MedPath

Study to Evaluate the Efficacy, Safety, and Tolerability of IMU-838 in Patients With Relapsing Multiple Sclerosis

Phase 3
Recruiting
Conditions
Multiple Sclerosis
Interventions
Drug: IMU-838 tablets
Drug: Placebo matching IMU-838 tablets
Registration Number
NCT05134441
Lead Sponsor
Immunic AG
Brief Summary

Multi-Center, Randomized, Double-Blinded Phase 3 Study to Evaluate the Efficacy, Safety, and Tolerability of IMU-838 versus Placebo in Adults with Relapsing Multiple Sclerosis (ENSURE-1)

Detailed Description

This study will be a multicenter, randomized, double-blind, placebo-controlled study with a blinded Main Treatment Period (MT) and an Open Label Period (OLE) to evaluate the efficacy, safety, and tolerability of IMU-838 in adult patients with RMS. The study will consist of the following periods:

Screening Period: Approximately 28 days Main Treatment Period: Up to 72 weeks (approximately 15 months) Open Label Extension Period: Up to approximately 8 years

Recruitment & Eligibility

Status
RECRUITING
Sex
All
Target Recruitment
1050
Inclusion Criteria

  • Male or female patient (age ≥18 to ≤55 years).
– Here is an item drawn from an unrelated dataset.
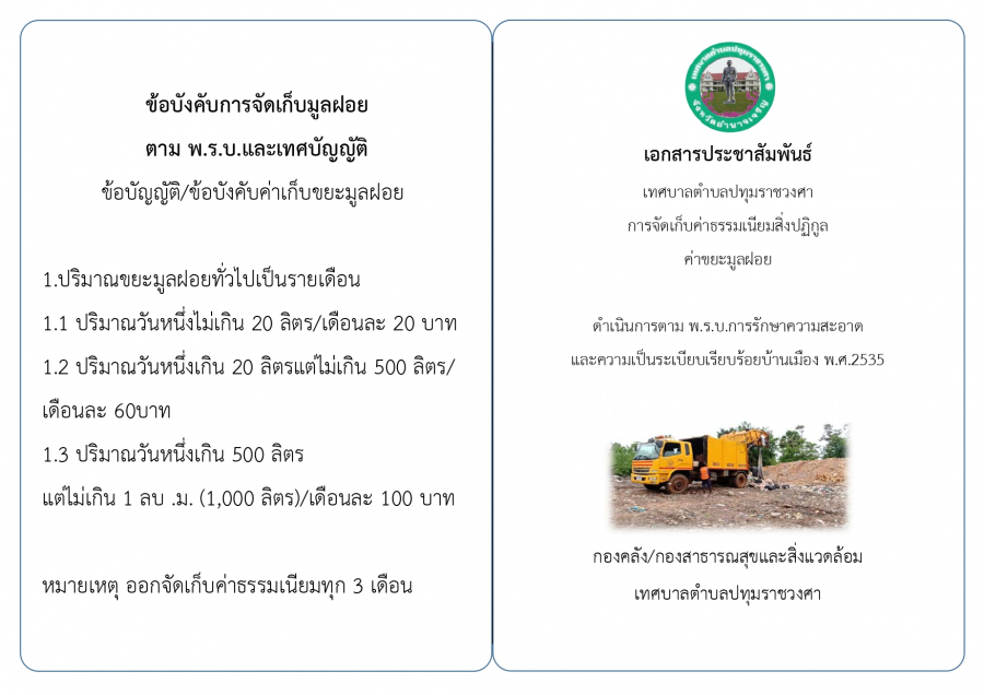 การจัดเก็บค่าธรรมเนียมสิ่งปฏิกูล ค่าขยะมูลฝอย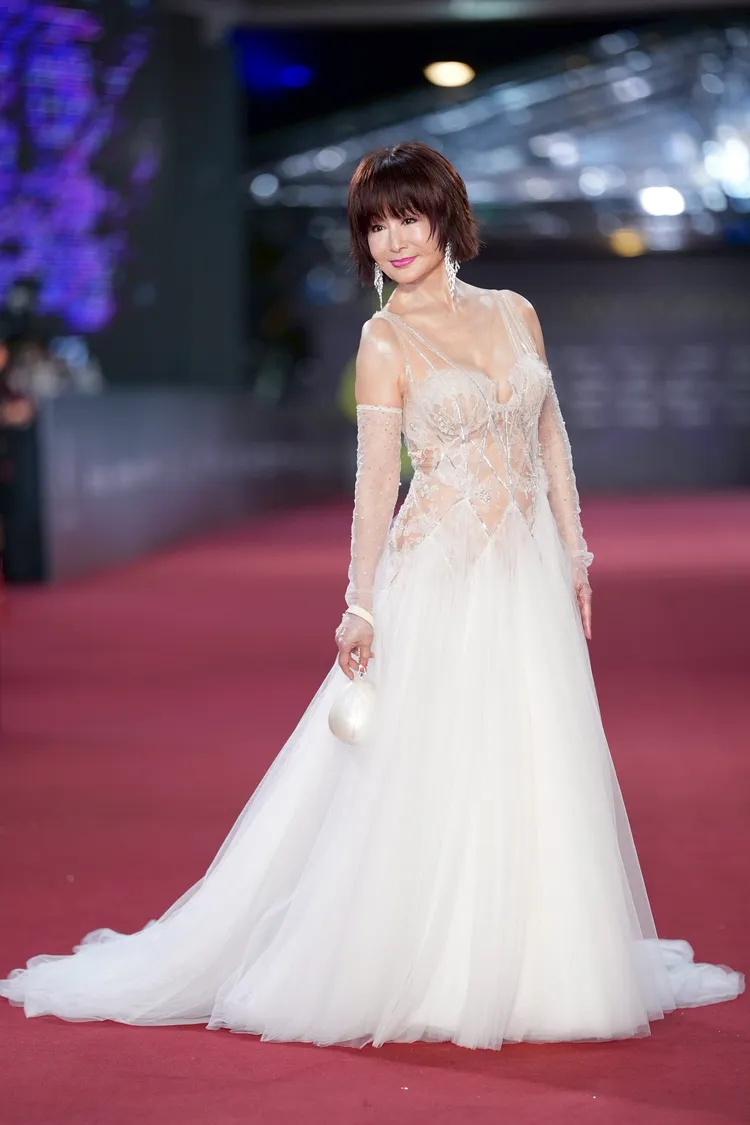 一代女皇潘迎紫降臨紅毯 套爆乳裝太凍齡

  • Patients with an established diagnosis of MS according to 2017 McDonald Criteria.

  • Patients with RMS comprising of relapsing remitting MS (RRMS) and active secondary progressive MS, both defined according to Lublin criteria 1996 and 2014.

  • Active disease as defined by Lublin 2014 evidenced prior to Screening by:

    1. At least 2 relapses in the last 24 months before randomization, or
    2. At least 1 relapse in the last 12 months before randomization, or
    3. A positive Gd+ MRI scan (brain and/or spine) in the last 12 months prior to randomization.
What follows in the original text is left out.